Posterior polymorphous corneal dystrophy 3 (PPCD3) is a rare autosomal dominant disorder caused by mutations in ZEB1. To date all identified disease-causing variants were unique to the studied families, except for c.1576dup. We have detected six novel ZEB1 mutations; c.1749_1750del; p.(Pro584*) and c.1717_1718del; p.(Val573Phefs*12) in two Czech families, c.1176dup; p.(Ala393Serfs*19), c.1100C>A; p.(Ser367*), c.627del; p.(Phe209Leufs*11) in three British families and a splice site mutation, c.685-2A>G, in a patient of Sri Lankan origin. An additional British proband had the c.1576dup; p.(Val526Glyfs*3) mutation previously reported in other populations. Clinical findings were variable and included bilateral congenital corneal opacity in one proband, development of opacity before the age of 2 years in another individual and bilateral iris flocculi in yet another subject.
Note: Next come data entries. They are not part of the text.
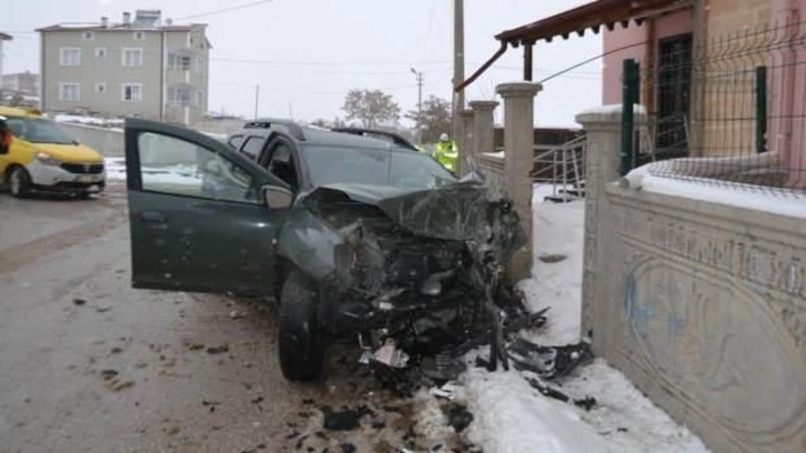 E.T. (20) idaresindeki 58 AEG 913 plakalı hafif ticari araç, Yıldırım Mahallesi Kale Yüzü Sokak'ta Yıldırım Camisi'nin duvarına çarptı.
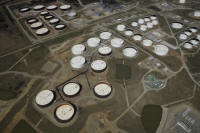 tanks are seen from above at the Cushing oil hub, in Cushing,
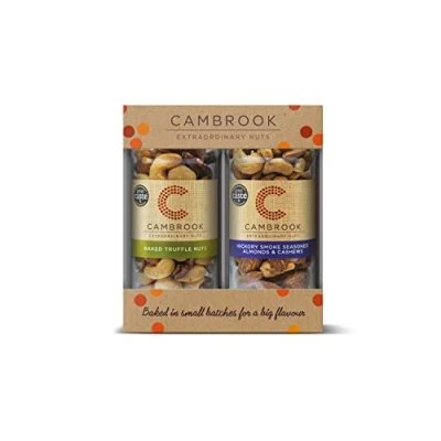 Cambrook 2 Jar Gift Set, includes Hickory Smoke Seasoned Almonds & Cashews, 180g and Baked Truffle Nuts, 175g
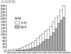 2、单选题 读“1790~2000年某国乡村和城市人口数量变化图”,完成下题。
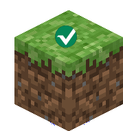 A pixelated Minecraft grass block with a green verified checkmark, representing VTC, gently rotating.
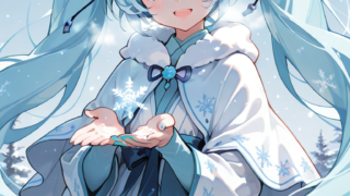 PixAI【Shiitake-Mix】hatsune miku, ((((light blue hair)))), ((yuki miku)), smile, open mouth, cowboy shot, simple backgro...
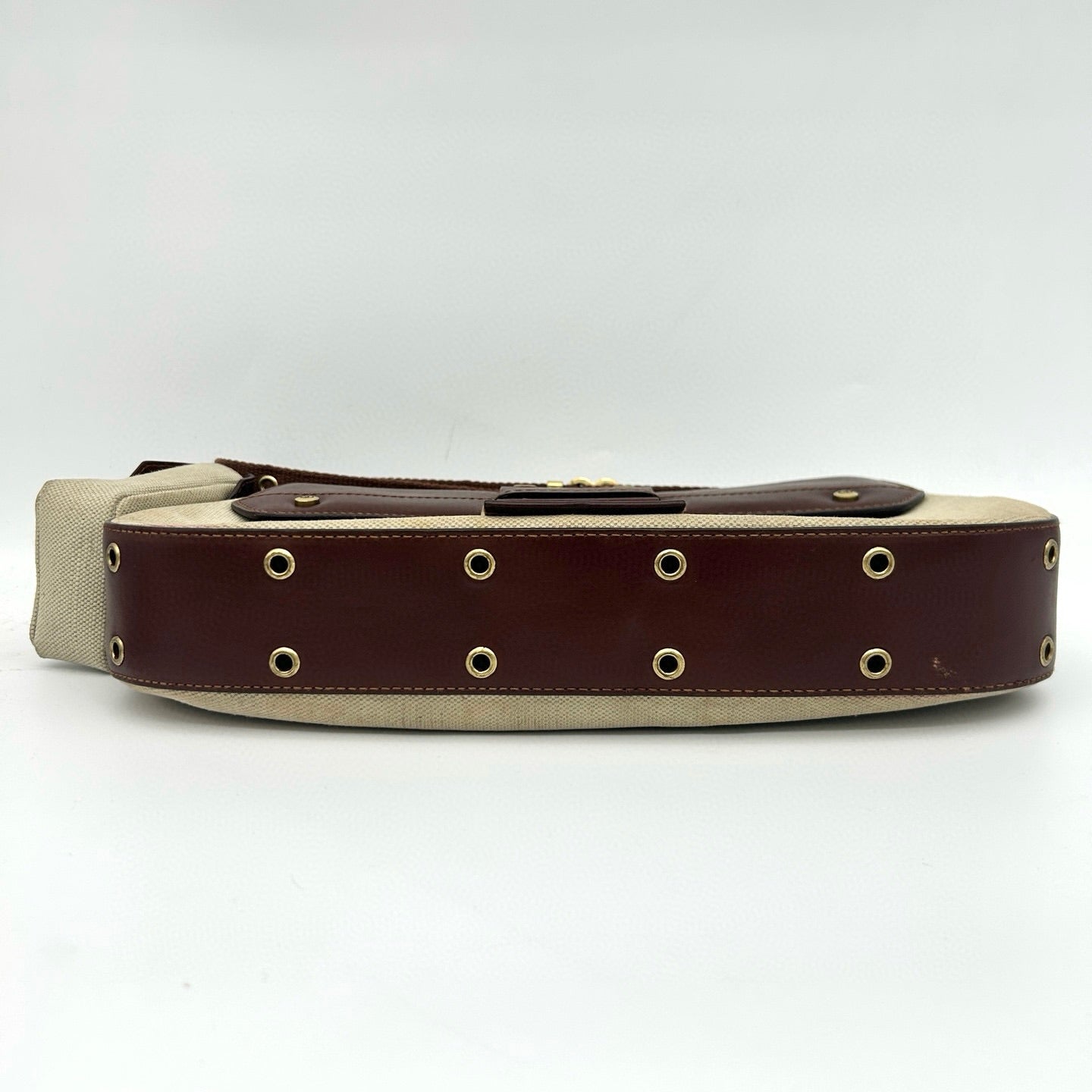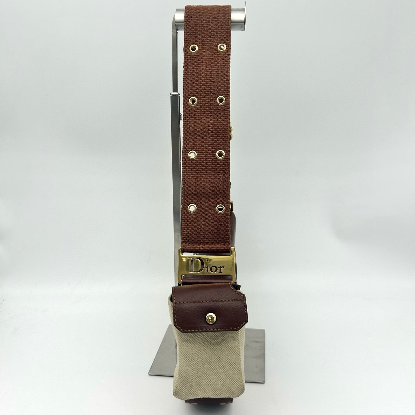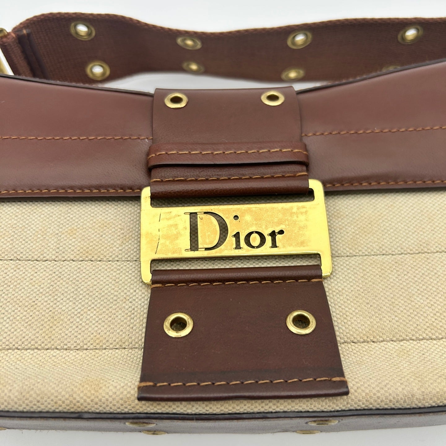 This Dior shoulder bag features a distinctive punk-inspired motorcycle design, crafted from a combination of brown and beige canvas with leather trim. The two-tone color scheme and mixed materials create a bold, utilitarian aesthetic while maintaining Dior’s refined craftsmanship.
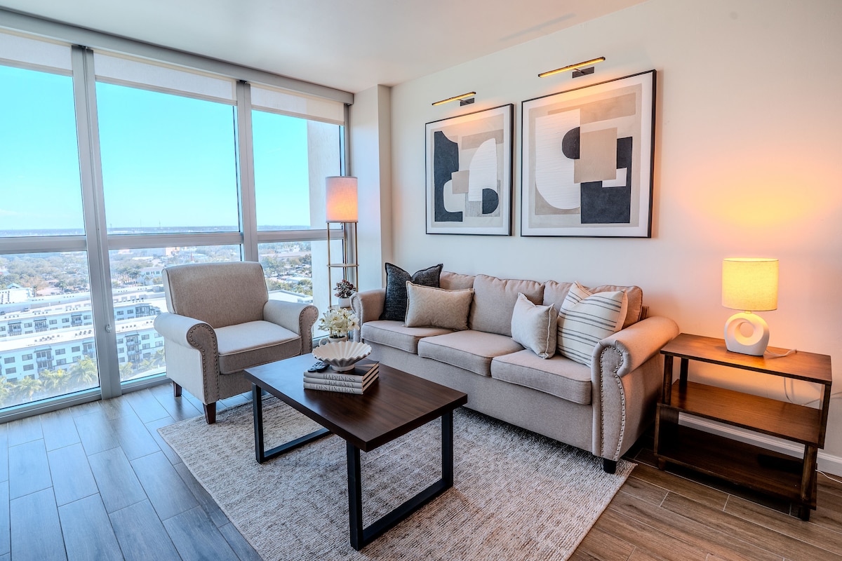 Welcome to Level 19, a modern 19th-floor retreat in Downtown Fort Myers. Enjoy beautiful skyline views, warm décor, and a fully equipped kitchen. Relax in the living area with Queen sofa bed and unwind at the pool, hot tub, or gym. Designed for comfort, this King suite hosts up to four guests. City Views | Pool | Hot Tub | Gym | King Bed | Queen Sofa Bed | Wi-Fi | Smart TV Dining: 2–5 min walk | Edison & Ford 5–10 min | Fort Myers Beach 25–30 min | RSW 25 min
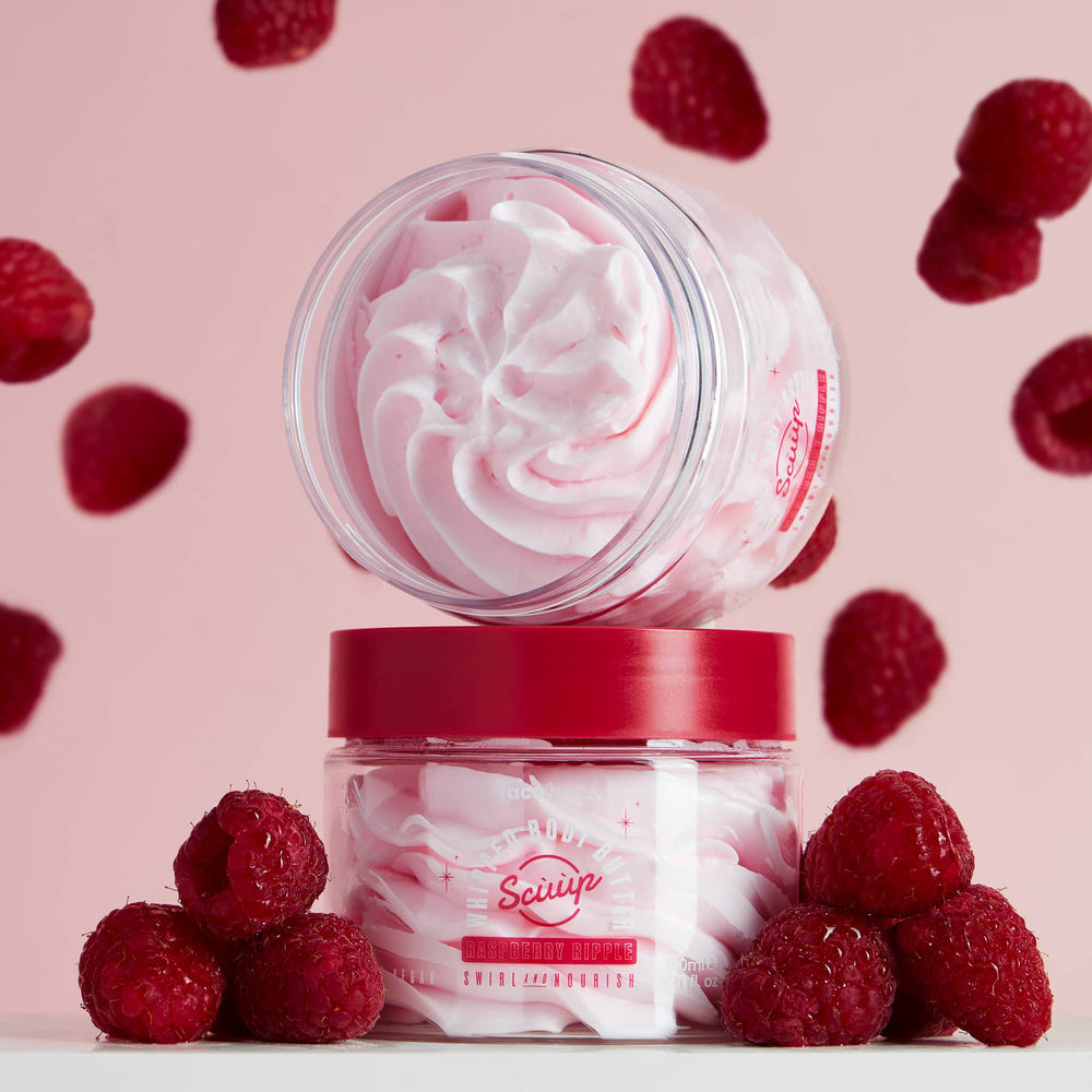 Achieve soft-serve, silky skin with our Raspberry Ripple Whipped Body Butter. Infused with nourishing shea and cocoa butter with antioxidant-rich raspberry extract, it acts as an indulgent moisturising treat to lock in luminosity and long-lasting hydration.  Its creamy yet airy texture melts effortlessly into the skin, leaving you with supple, smooth, and sweet-smelling results.
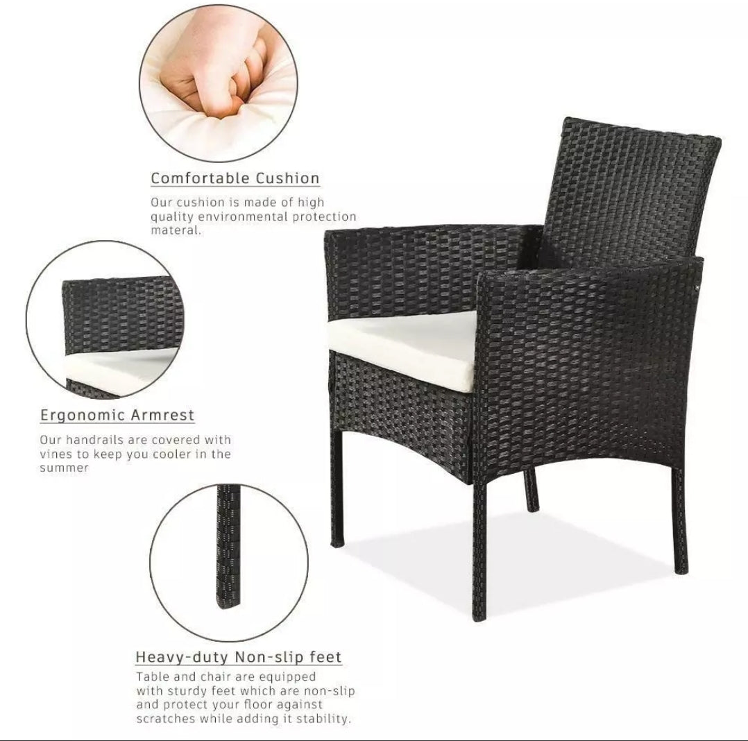 【Sturdy & Attractive】 Constructed from strong powder coated steel frame and commercial grade hand woven weather-resistant PE rattan wicker in a gradient shades of coffee/Black creating a whole new look and feel for your patio set.

The majority of eyes examined by corneal topography (10 out of 16) had an abnormally steep cornea (flat keratometry 46.5-52.7 diopters, steep keratometry 48.1-54.0 diopters). One proband underwent surgery for cryptorchidism. Our study further demonstrates that PPCD3 can present as corneal edema in early childhood, and that an abnormally steep keratometry is a common feature of this condition. As cryptorchidism has been previously observed in two other PPCD3 cases, its association with the disease warrants further investigation.
Keywords: ZEB1; phenotype; posterior polymorphous corneal dystrophy type 3.
© 2014 John Wiley & Sons Ltd/University College London.